Method: We report a case of a 31-year old female patient with a cerebral metastatic spreaded choriocarcinoma and try to elucidate this rare, untreated usually rapidly spreading fatal disease.

Results: This case report describes a 31 year old female patient 6 months after delivery, who presented in our hospital with a single seizure and subsequent postictal Todd’s paralysis. On admission to our emergency department we observed an alert and fully oriented patient with a right-sided pure motor hemiparesis. A cranial CT scan with angiography showed an atypical nodular haemorrhage. MRI verified the “popcorn” pattern of the haemorrhage. A venous malformation adjacent to the lesion strengthened the diagnosis of a present cerebral cavernous malformation with acute bleeding. Based on clinical worsening we decided to perform surgery. Histopathological findings revealed a metastasis of an adenocarcinoma of unknown primary origin by the time. The most common primary sites for brain metastasis in women – breast, kidney and melanoma – were ruled out by dermatological, gynacological as well as urological examinations. Screening by 2-[18F]-fluoro-2-deoxy-D-glucose positron emission tomography (FDG-PET) depicted no tumour. Merely a subsisted increase in serum hCGß level gave a constructive hint for choriocarcinoma. The patient underwent subsequent chemotherapy analogous to the EMA/CO-scheme. Eight months following surgery the patient is assessed as cured.

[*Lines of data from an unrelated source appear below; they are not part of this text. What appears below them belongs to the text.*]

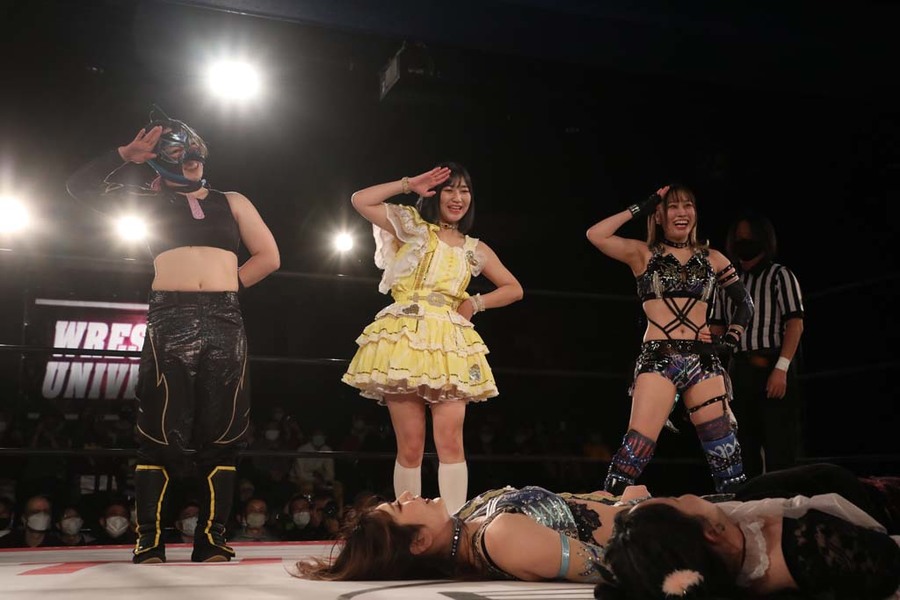 Yuki Kamifuku, Mahiro Kiryu & Haruna Neko defeated Hikari Noa, Raku & Kaya Toribami
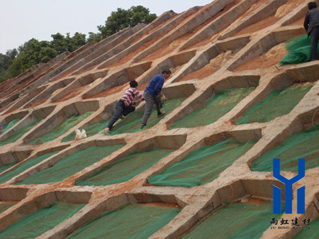 施工前準(zhǔn)備,如工具、人員配備、覆蓋充填物、草種等;對(duì)邊坡進(jìn)行修整,使之盡可能的平整; 在坡頂開挖暗溝,尺寸為寬1米,深1米; 貼著地面由上至下將三維網(wǎng)卷材展開,卷材頂端固定于暗溝內(nèi),相鄰兩卷材料相互搭接,并要求搭接寬度不小于10厘米,并用軟鐵制成的U型地釘進(jìn)行固定,鋪設(shè)時(shí)網(wǎng)狀面朝上,多余卷材用剪刀裁剪;田野風(fēng)介紹播灑草種,可選用百慕大草或百喜草,草種用量為12克/平方米;人工回填細(xì)砂質(zhì)營(yíng)養(yǎng)土,厚度不***過(guò)三維網(wǎng)的一半高度,再灑草種,回填土至剛好填滿,然后輕微壓實(shí)、整平; 如氣候較干燥,水分散失較快,可采用草袋或無(wú)紡布覆蓋,澆水養(yǎng)護(hù); 在植被發(fā)育期間,每天澆水兩次,養(yǎng)護(hù)期約十天; 當(dāng)植被生長(zhǎng)成型,根系已穿過(guò)三維網(wǎng),即可撤去上覆的草袋或無(wú)紡布。 維植被網(wǎng)護(hù)坡滿足了路基邊坡坡面的保護(hù)和加固的要求,保證了路基不致因雨水沖刷和氣候變化而破壞,而且兼顧了道路景觀和環(huán)境協(xié)調(diào)。已引起了大家的關(guān)注,在實(shí)際工程中已大量采用,具有廣闊的發(fā)展前景。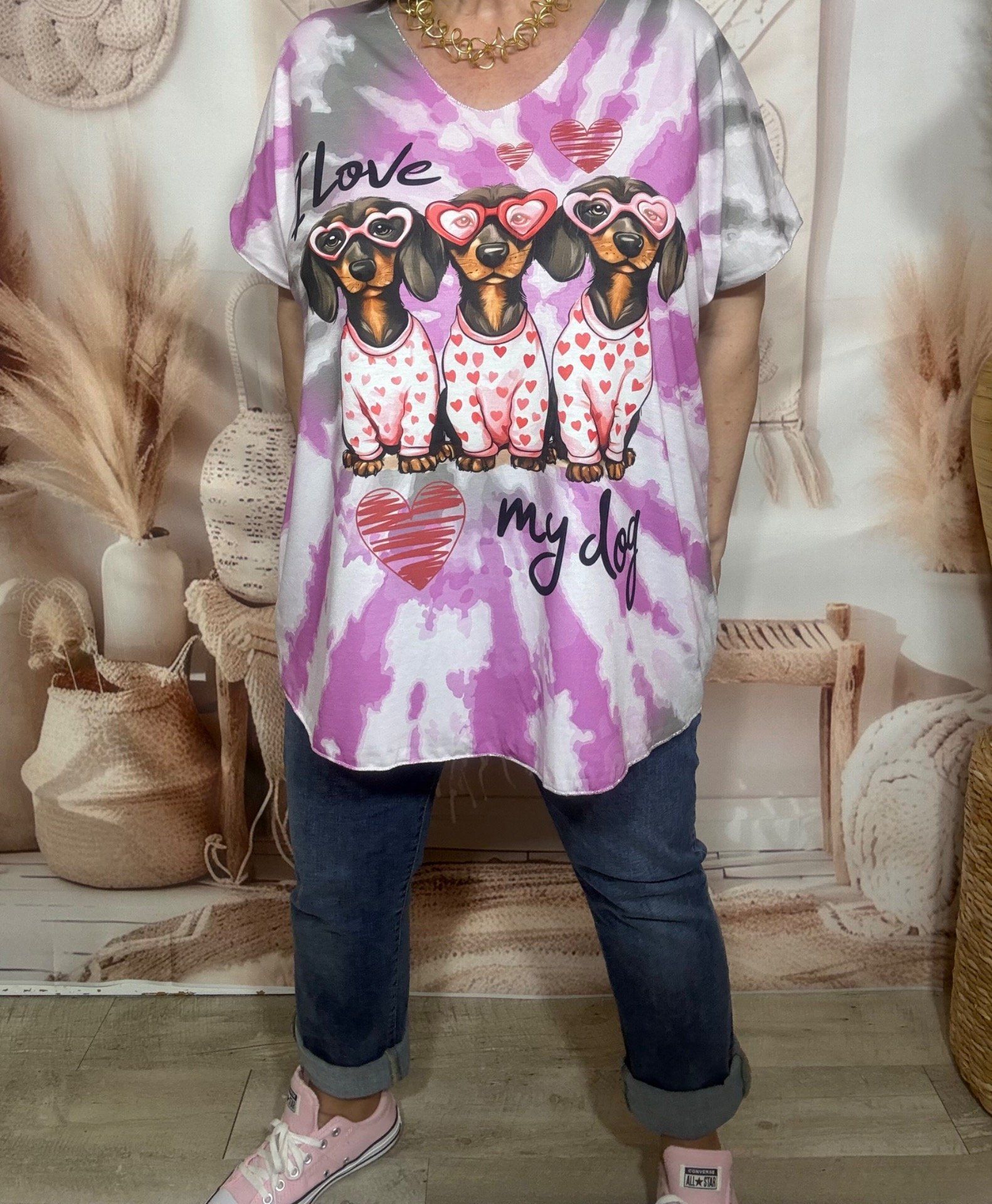 Top fin ample Tie & Dye Violine Gris I love my Dogs Teckels

Conclusion: In conclusion highlights this case of a 31 year old female patient with intraplacental metastatic spreaded choriocarcinoma the nessecity to consider also uncommon entities for intracranial tumours in female patients of childbearing age. Otherwise profound consequences are threatend. It also points out the not rarely delicate distinction between haemorrhagic and tumoural lesions solitary based on radiologic imaging. Likewise nodular non-hypermetabolic lesions in FDG-PET aren’t in principle non-malignant.